» Information provided:

★ ★ ★ ★ ★

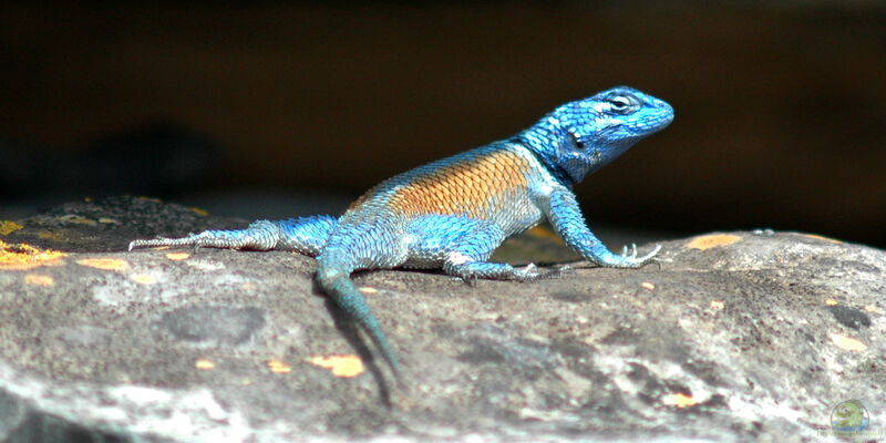 Die Bauchseite ist bei Männchen oft mit zwei markanten, türkis-blauen Flecken versehen, die vor allem in der Balzzeit intensiver erscheinen. Weibchen hingegen sind meist etwas matter gefärbt und haben weniger auffällige Bauchzeichnungen.
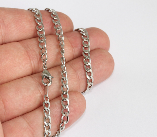 17" Rhodium Plated Curb Necklace, Ready Made Necklace, CHK120
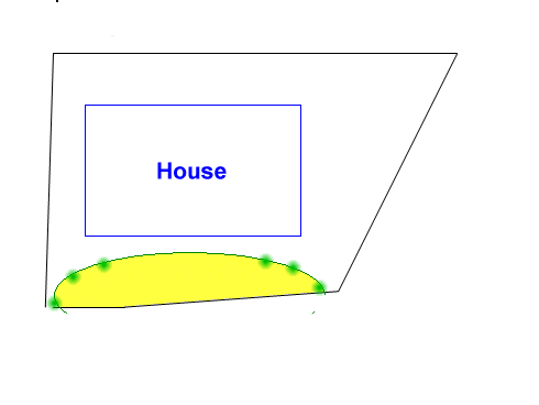 4. First of all, this may not be applicable to most houses as it implies e.g. planting trees in a semi-arch along the `yellow' boundary of the house. Impratical as it may sound (because we need to take care of the garage e.t.c) the is a Shapes and Form method of `compensating' for a narrow front.
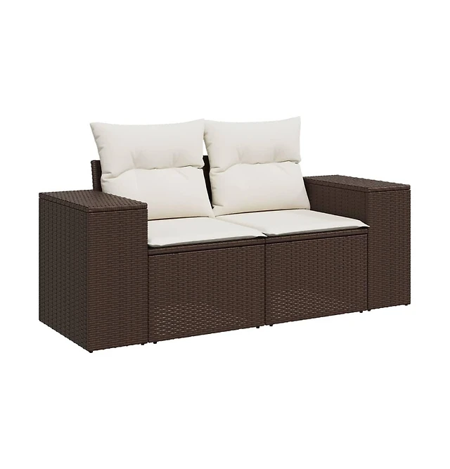 Garden Sofa Brown Poly Rattan 2-Seater Removable Covers
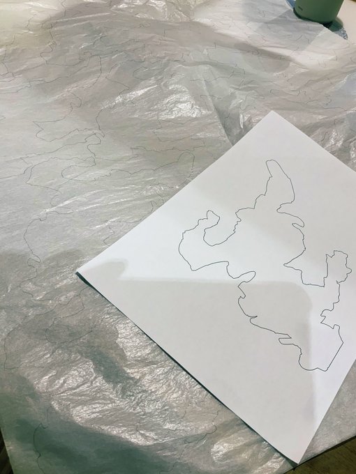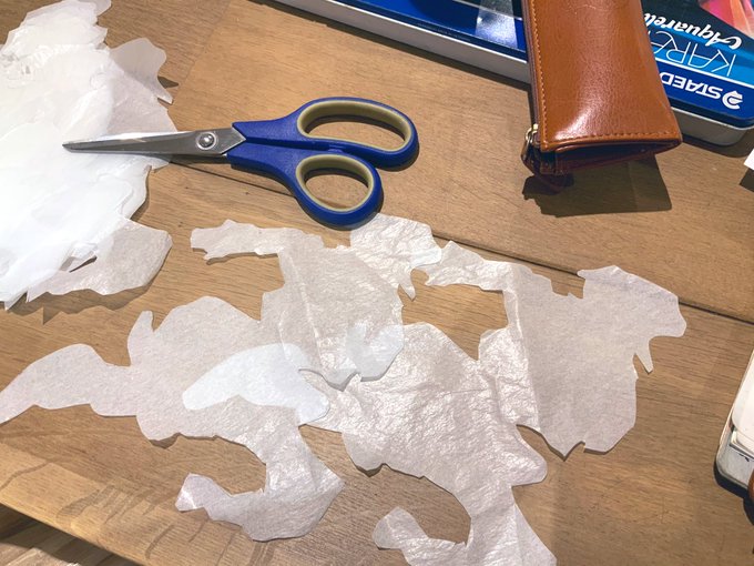 改めてマスキング計画を立てる。硫酸紙に写して切り取る。一回の刷りで一枚使い切りなので試し刷り、ミス、エディションのプレスに耐えられるだけの数を切り取り!Maji de naisyoku.
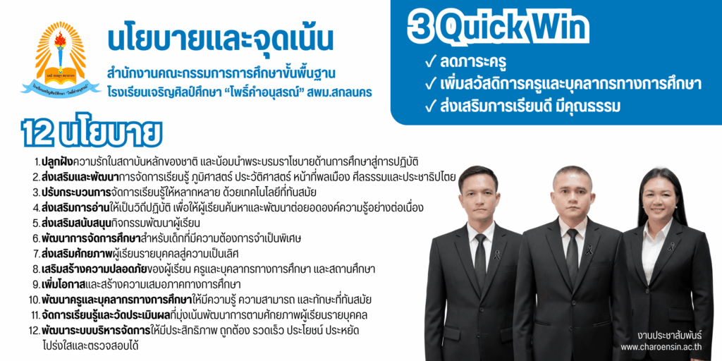 โรงเรียนเจริญศิลป์ศึกษา “โพธิ์คำอนุสรณ์” ขอนำเสนอนโยบายและจุดเน้นของสำนักงานคณะกรรมการการศึกษาขั้นพื้นฐาน เพื่อเป็นแนวทางในการพัฒนาคุณภาพการศึกษา และยกระดับการเรียนรู้ของผู้เรียนอย่างต่อเนื่อง
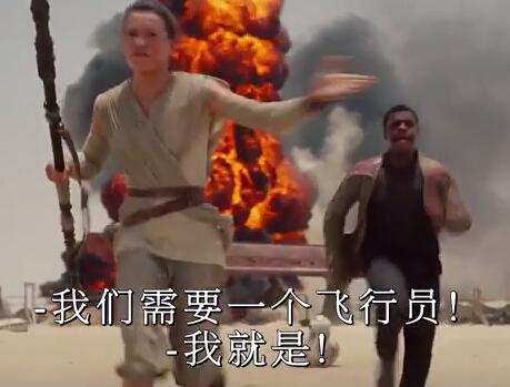 在《原力觉醒》中国版预告片中,有一段主角Rey和Finn逃避轰炸的片段。这里出现的翻译问题很多同志都提到过。
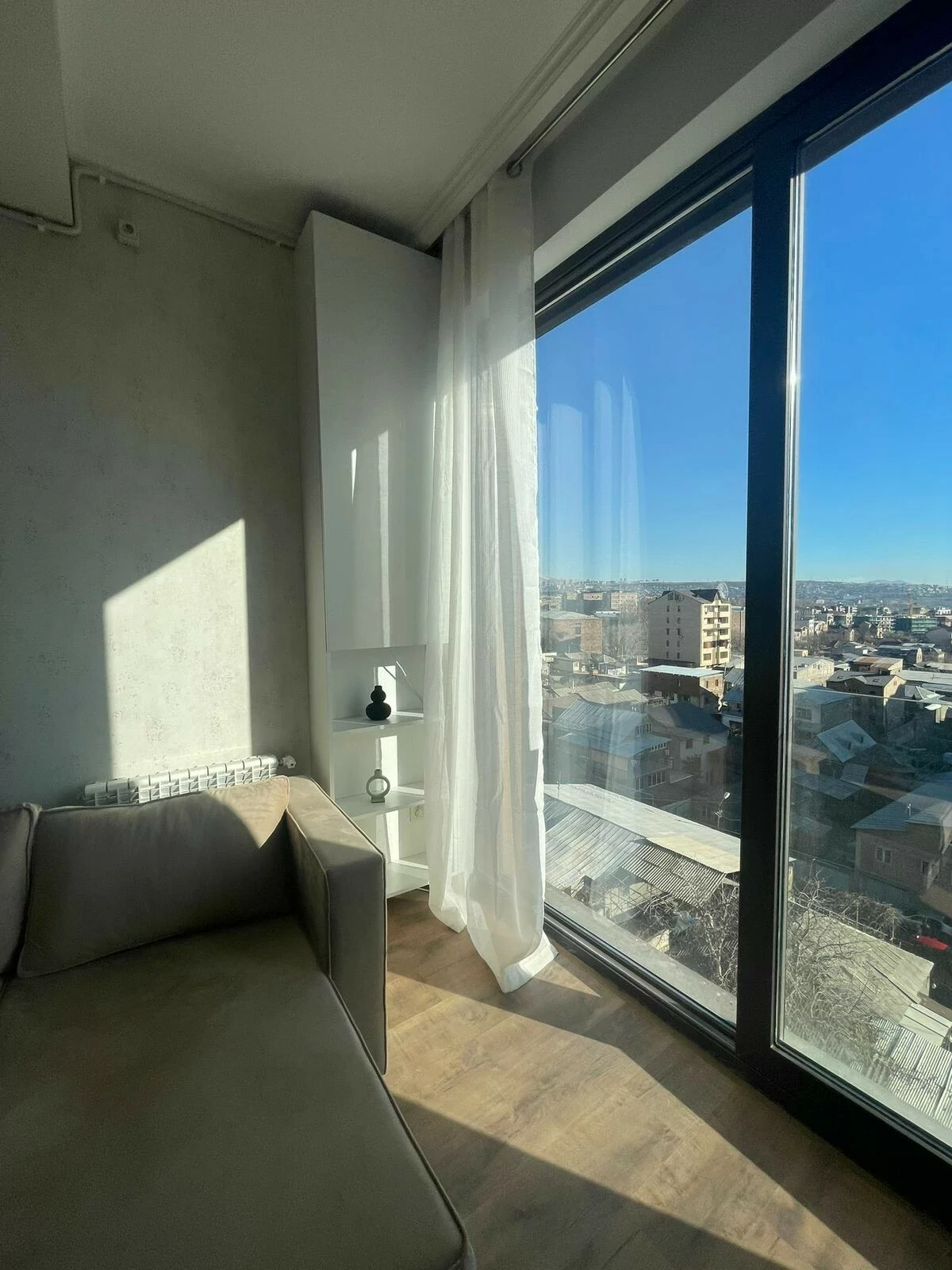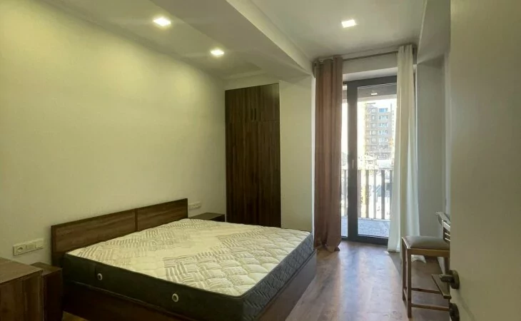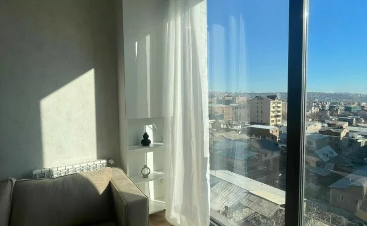 ՝ Ռուբեն Սևակի փողոցում , նորակառույց էլիտար շենք : Բնակարանը ունի 2 ննջասենյակ , 2 սանհանգույց , 2 բաց պատշգամբ : Բնակարանը շատ լուսաոր է և արևկողմ ,ունի տեսարան դեպի Արարատ : Շենքը ունի լողավազան :
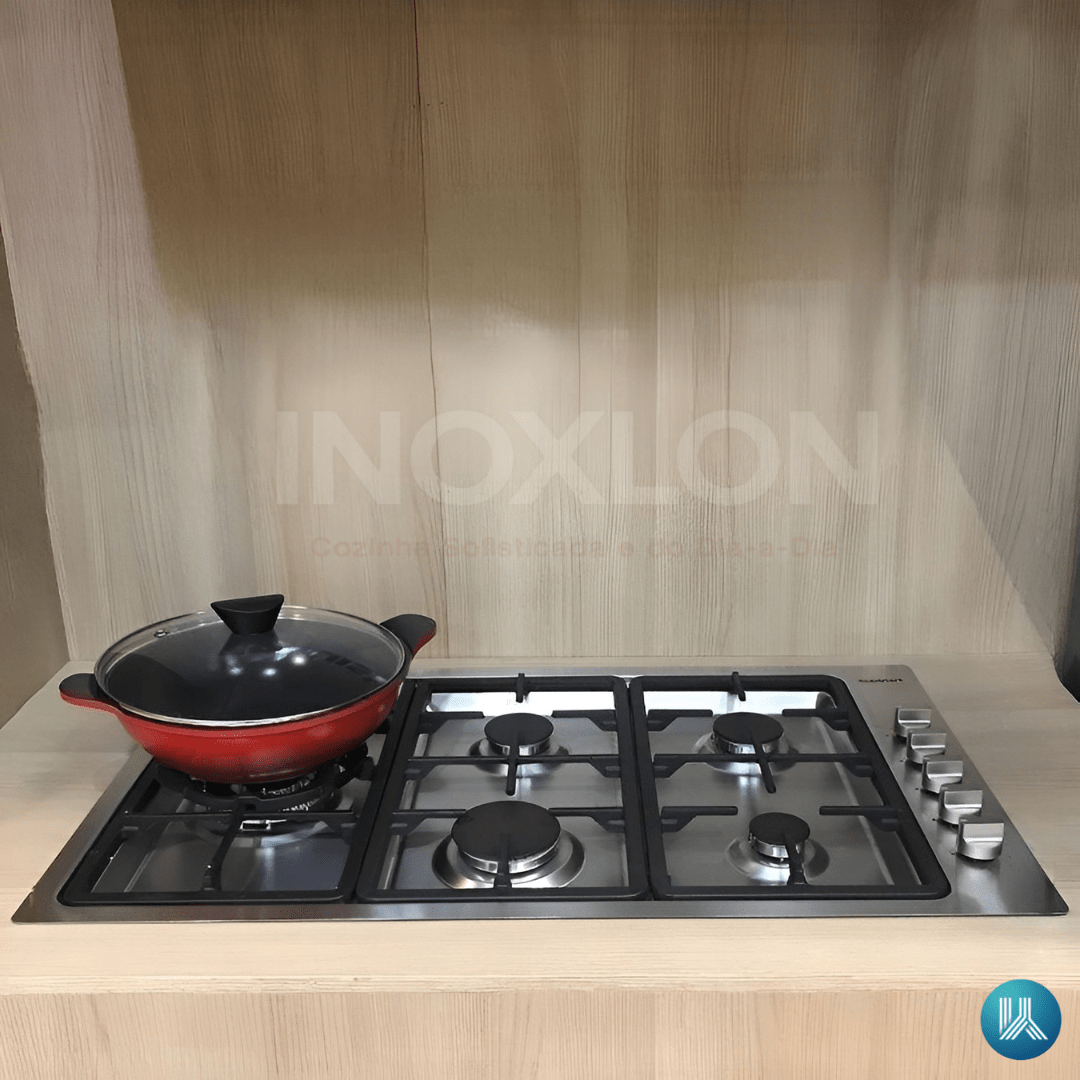 Aço Inox 304 e Acendimento Superautomático: Construído com o material mais resistente à corrosão do mercado, ele garante durabilidade extrema. O acendimento elétrico integrado aos botões oferece praticidade total, bastando girar para iniciar o preparo.

★ ★ ★ ★ ★

» Work task:
Lines from the one holding "Ռուբեն Սևակի փողոցում" down to the last line of the entries above must be retyped exactly, inclusive of both, with no pictures and nothing else.

» Expected answer:
 ՝ Ռուբեն Սևակի փողոցում , նորակառույց էլիտար շենք : Բնակարանը ունի 2 ննջասենյակ , 2 սանհանգույց , 2 բաց պատշգամբ : Բնակարանը շատ լուսաոր է և արևկողմ ,ունի տեսարան դեպի Արարատ : Շենքը ունի լողավազան :
 Aço Inox 304 e Acendimento Superautomático: Construído com o material mais resistente à corrosão do mercado, ele garante durabilidade extrema. O acendimento elétrico integrado aos botões oferece praticidade total, bastando girar para iniciar o preparo.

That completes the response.